Command Prompt (known as cmd.exe or cmd) is a text-only window where you can enter commands to the Windows operating system (95, 98, ME, NT/2000/XP, Vista, and 7) of your computer. Similar to Shell for Unix-based systems and Terminal on macOS. It can be used to change system settings, run administrative tasks, or execute commands that aren’t available in the standard graphical user interface (GUI).
If you’re looking to get started with Command Prompt but aren’t sure where to begin, read on as we introduce some basic commands and explain why they are so useful in day-to-day computer use.
How to Open the Command Prompt in Windows?
In Windows 10
- Click the Windows icon and search for cmd. Now, select it from the list when it appears.
In Windows 8
- Move the mouse pointer to the very bottom-left corner of the screen or right-click or Press the Windows + X key.
- Select Command Prompt (Admin).
- This will open the Command Prompt window.
Windows Vista and 7
- Click Start and Type cmd in the Search Box.
- In the search results, Right-Click on cmd and select Run as administrator.
How to use the Command Prompt?
By following the steps, the command prompt will open. Now, you’ll now see a large black window with the cursor at the end of the path to your user profile in C:\Documents and Settings\Username or C:\Users\Username.
Now, you’ll probably want to end up using some of the help guides that are provided in cmd, type in HELP, and press Enter. When you do that, you’ll get a list of all the commands you can use in the command prompt and a short description of what they do:
|Command||What they do|
|ASSOC||Displays or modifies file extension associations.|
|ATTRIB||Displays or changes file attributes.|
|BREAK||Sets or clears extended CTRL+C checking.|
|WMIC||Displays WMI information inside interactive command shell.|
|CD||Displays the name of or changes the current directory.|
|CHKDSK||Checks a disk and displays a status report.|
|CLS||Clears the screen.|
|COLOR||Sets the default console foreground and background colors.|
|COMP||Compares the contents of two files or sets of files.|
|CONVERT||Converts FAT volumes to NTFS.|
|COPY||Copies one or more files to another location.|
|DATE||Displays or sets the date.|
|DEL||Deletes one or more files.|
|DIR||Displays a list of files and subdirectories in a directory.|
|MODE||Configures a system device.|
|RMDIR||Removes a directory.|
|EXIT||Quits the CMD.EXE program (command interpreter).|
|FC||Compares two files or sets of files, and displays the differences.|
|FIND||Searches for a text string in a file or files.|
|FOR||Runs a specified command for each file in a set of files.|
|FORMAT||Formats a disk for use with Windows.|
|ICACLS||Display, modify, backup, or restore ACLs for files.|
|Prints a text file.|
|REN||Renames a file or files.|
For more information on tools see the command-line reference in the online help.
How many commands are there in cmd?
The Command Prompt in Windows provides access to over 280 commands.
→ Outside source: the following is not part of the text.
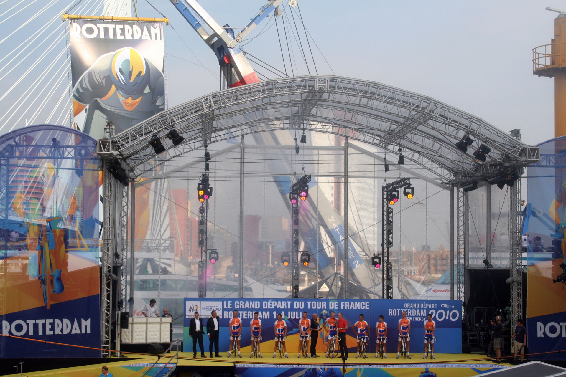 Tijdens de ploegenpresentatie van de Tour de France 2010, die wereldwijd live werd uitgezonden, werd een indrukwekkende banner onthuld aan de skyline van Rotterdam. Kunstenaar Irene Jacobs (I’m Jac Design) ontwierp een gigantische tourbanner die met behulp van een drijvende kraan – typerend voor Europa’s grootste havenstad – hoog boven de Maas uittorende. Deze mobiele hijskraan fungeerde als drager van het kunstwerk en stond als backdrop opgesteld naast de iconische Erasmusbrug.

These commands are used to do certain operating system tasks from a command-line interpreter instead of the graphical Windows interface we use most of the time.
How to disable the Command Prompt?
- Click Start and type gpedit.msc in the Windows Search box.
- In the Group Policy window, browse to the User Configuration\Administrative Templates and highlight the System folder.
- In the System folder, double-click “Prevent access to the command prompt.“
- Change the Setting to Enabled. Click Ok.
By entering the command prompt, you receive a message similar to the example below.
Note: If you want to re-enable this feature, follow the above steps. However, instead of setting the option to “Enabled,” change it to the default setting of “Not configured.”